--- Exercise details ---
From the listing below, please restate exactly the lines beginning at the one with "Стените с декоративна" and ending at the one with "print on front", both included, and skip the pictures.

--- Excerpted records ---
·····
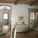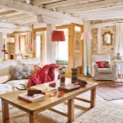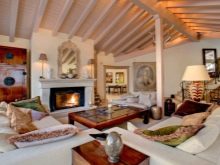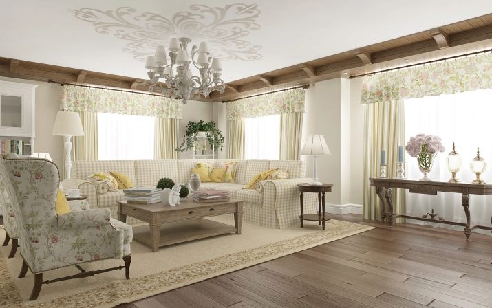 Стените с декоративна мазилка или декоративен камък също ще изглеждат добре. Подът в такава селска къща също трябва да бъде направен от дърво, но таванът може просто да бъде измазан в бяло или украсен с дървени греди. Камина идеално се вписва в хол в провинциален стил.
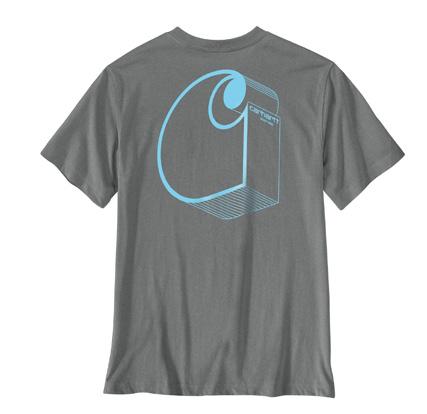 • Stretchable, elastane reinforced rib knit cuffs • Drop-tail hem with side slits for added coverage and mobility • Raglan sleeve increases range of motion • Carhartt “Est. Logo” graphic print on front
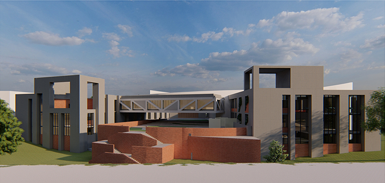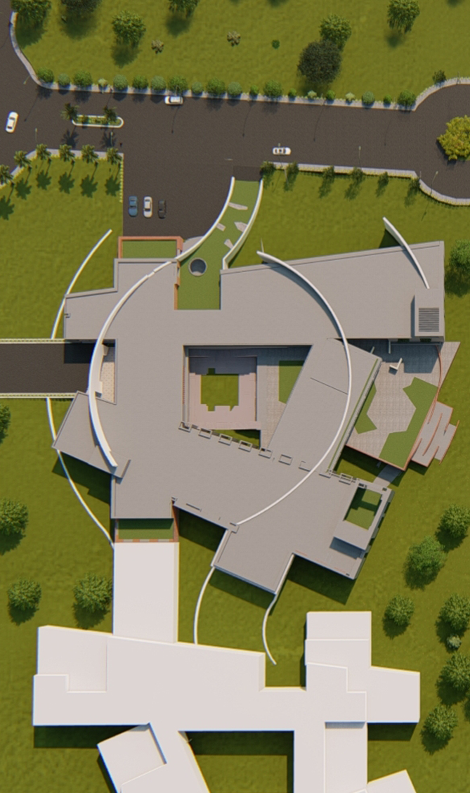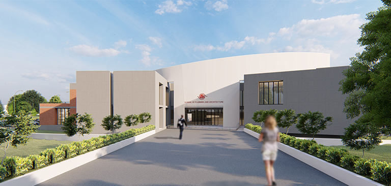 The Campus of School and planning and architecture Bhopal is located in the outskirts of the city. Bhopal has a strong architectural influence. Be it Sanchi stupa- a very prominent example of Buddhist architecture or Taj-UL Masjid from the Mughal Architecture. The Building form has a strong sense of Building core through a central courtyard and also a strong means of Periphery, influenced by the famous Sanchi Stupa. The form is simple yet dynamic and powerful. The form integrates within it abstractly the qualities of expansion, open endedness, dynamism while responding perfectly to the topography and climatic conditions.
·····
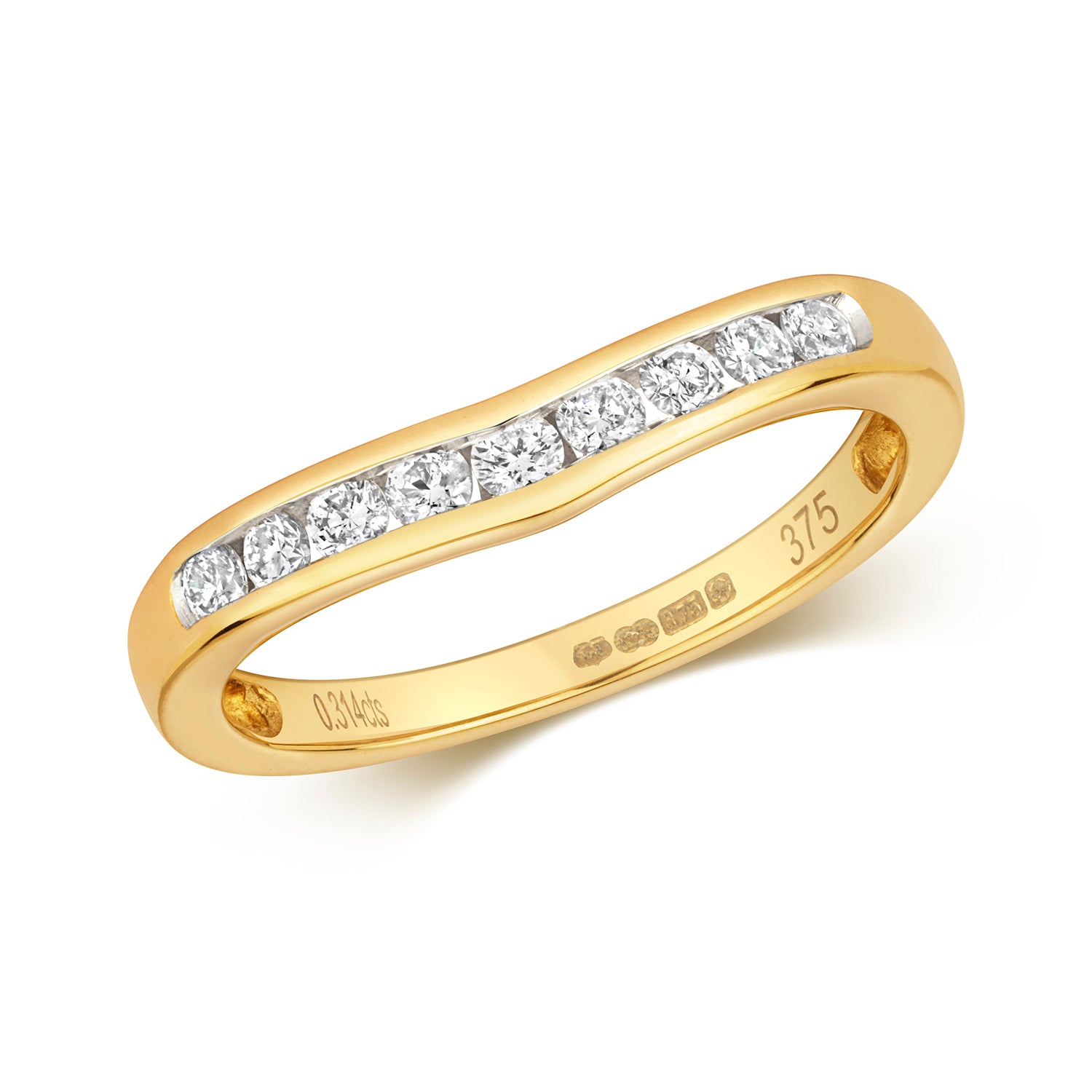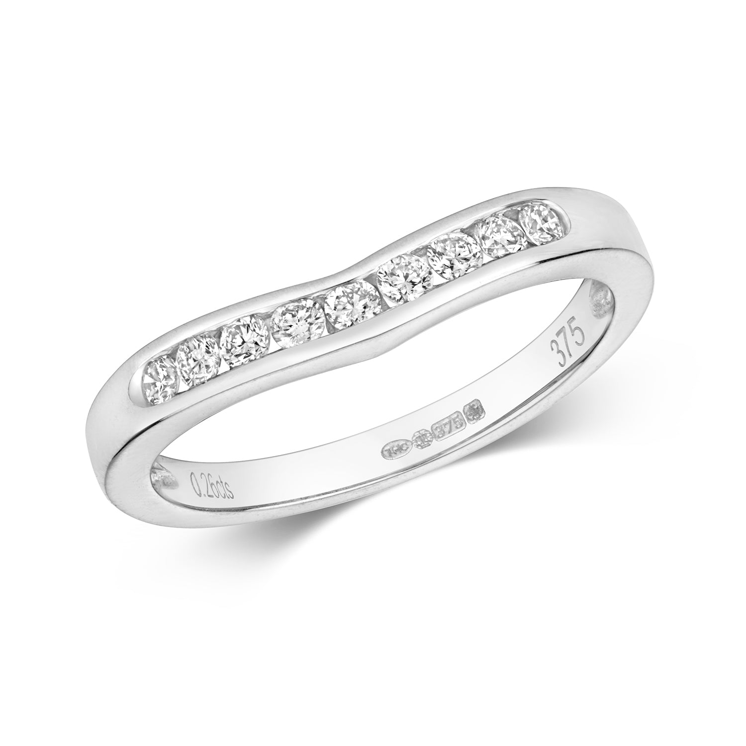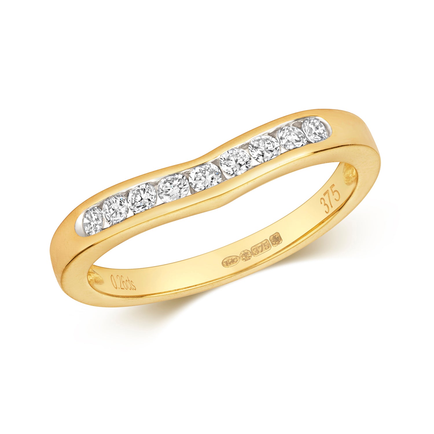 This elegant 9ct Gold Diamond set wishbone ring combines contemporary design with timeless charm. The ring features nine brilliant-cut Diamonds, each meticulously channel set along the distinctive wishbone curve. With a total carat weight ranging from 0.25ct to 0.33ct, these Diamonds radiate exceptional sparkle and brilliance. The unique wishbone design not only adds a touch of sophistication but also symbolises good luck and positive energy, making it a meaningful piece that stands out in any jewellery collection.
·····
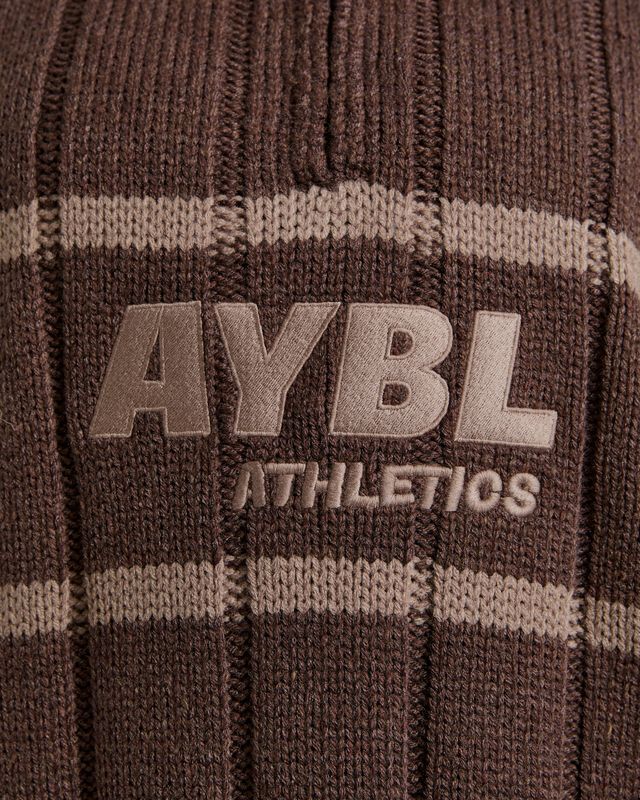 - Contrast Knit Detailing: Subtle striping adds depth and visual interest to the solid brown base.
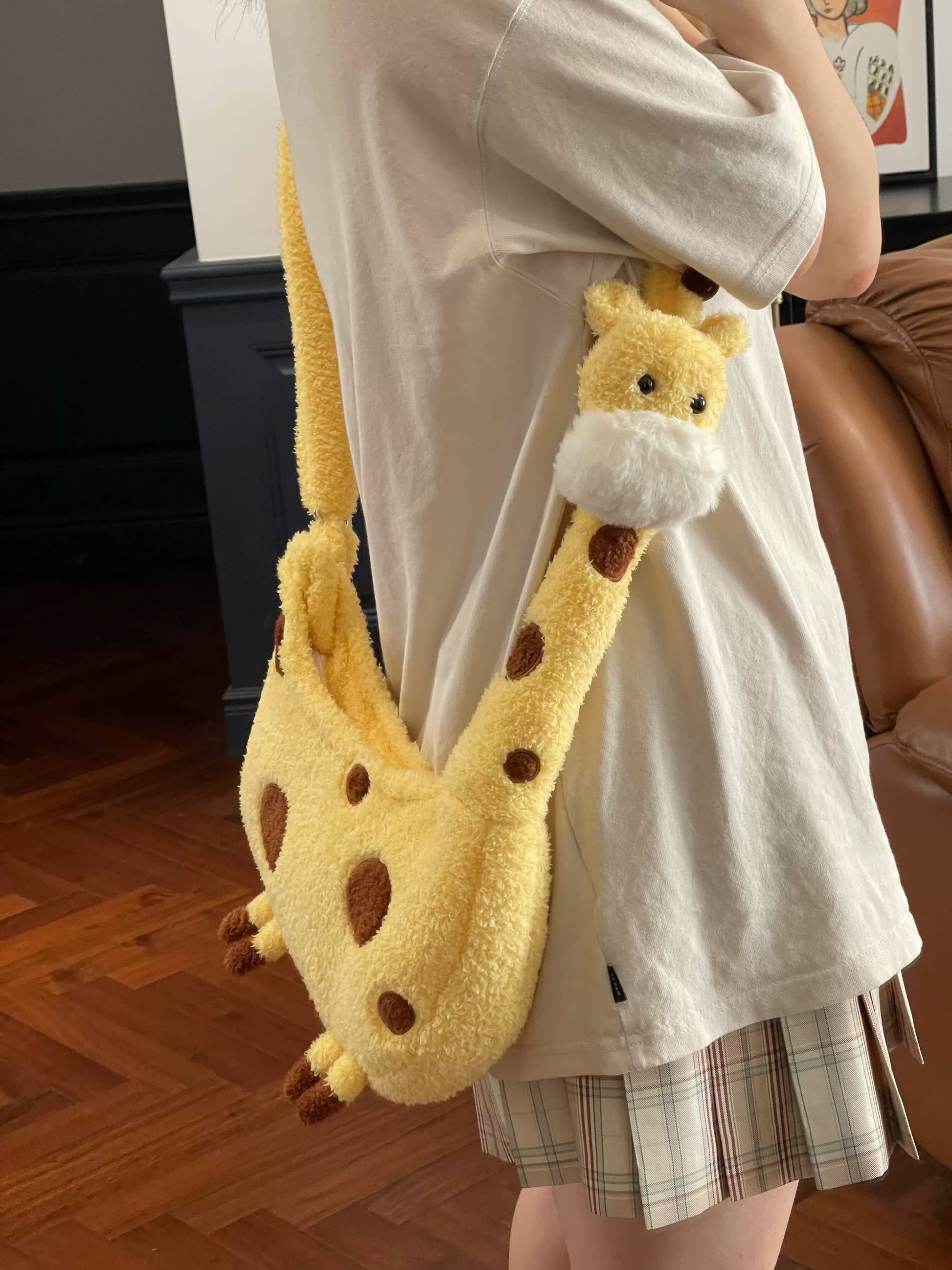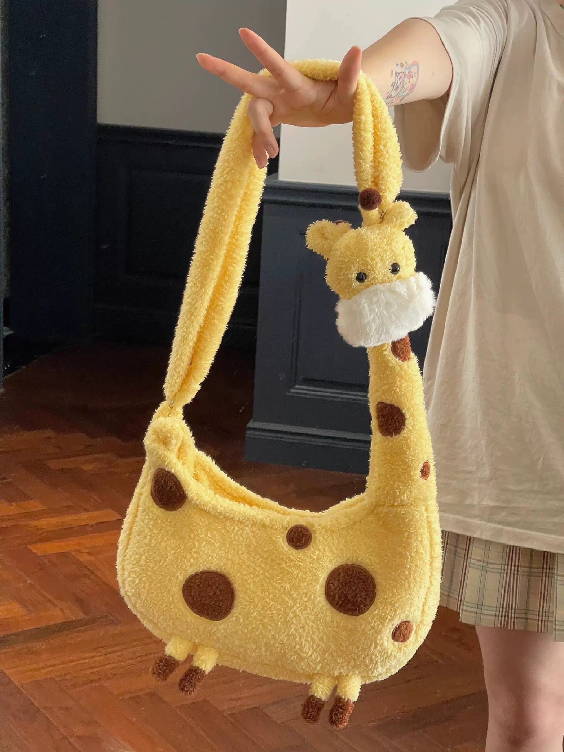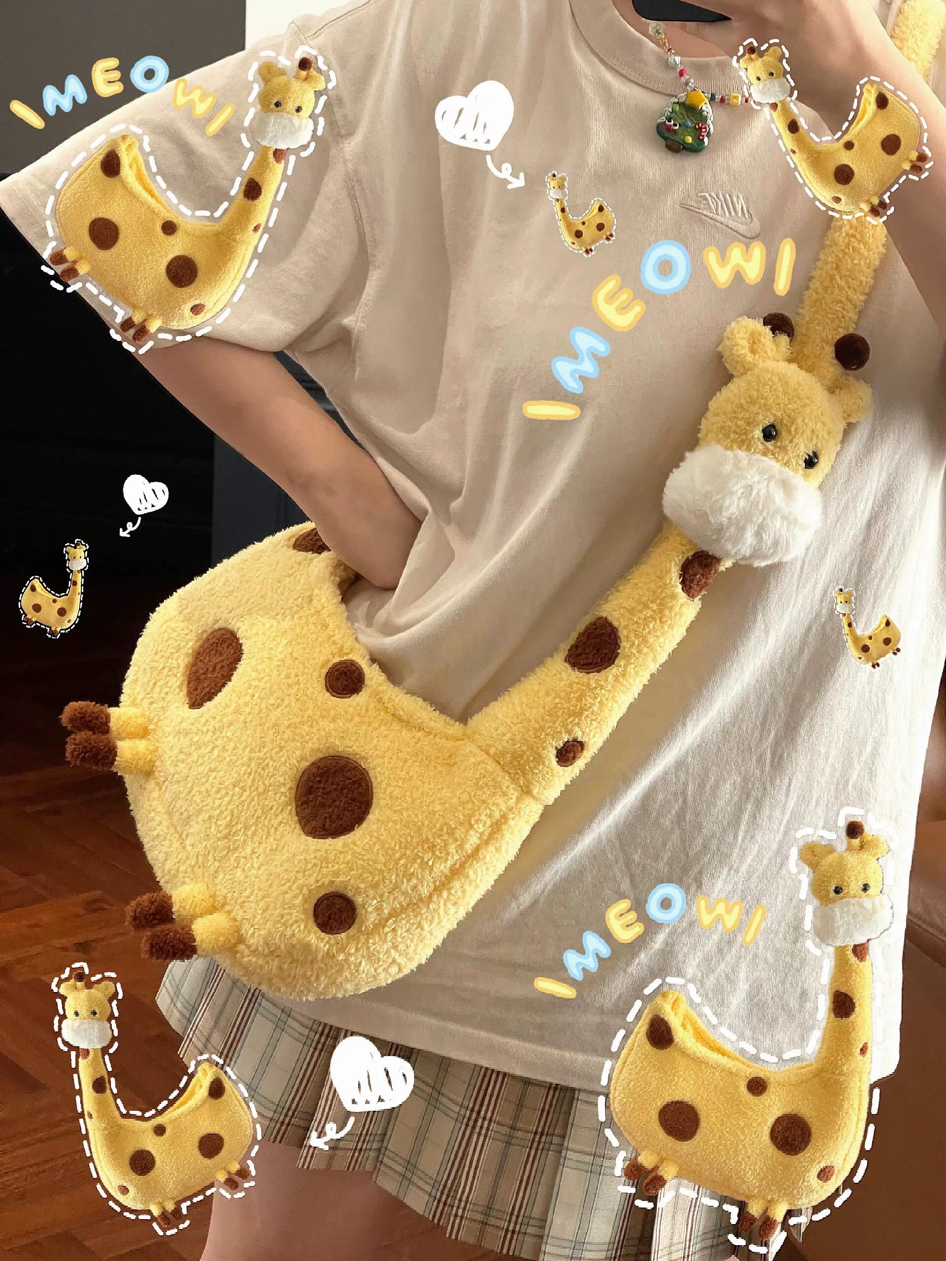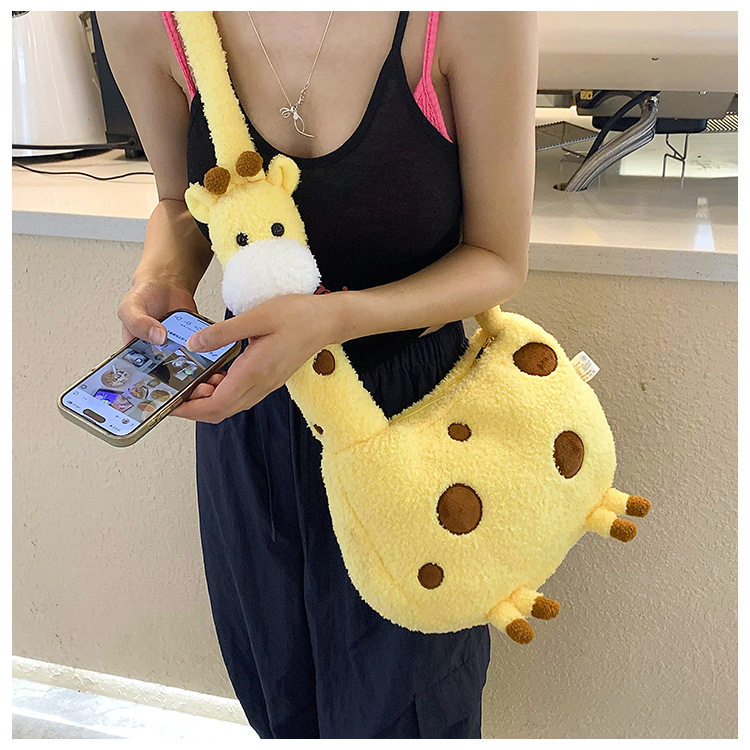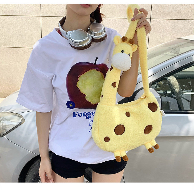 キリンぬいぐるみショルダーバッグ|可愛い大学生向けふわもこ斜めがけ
·····
--- Answer to the problem ---
 Стените с декоративна мазилка или декоративен камък също ще изглеждат добре. Подът в такава селска къща също трябва да бъде направен от дърво, но таванът може просто да бъде измазан в бяло или украсен с дървени греди. Камина идеално се вписва в хол в провинциален стил.
 • Stretchable, elastane reinforced rib knit cuffs • Drop-tail hem with side slits for added coverage and mobility • Raglan sleeve increases range of motion • Carhartt “Est. Logo” graphic print on front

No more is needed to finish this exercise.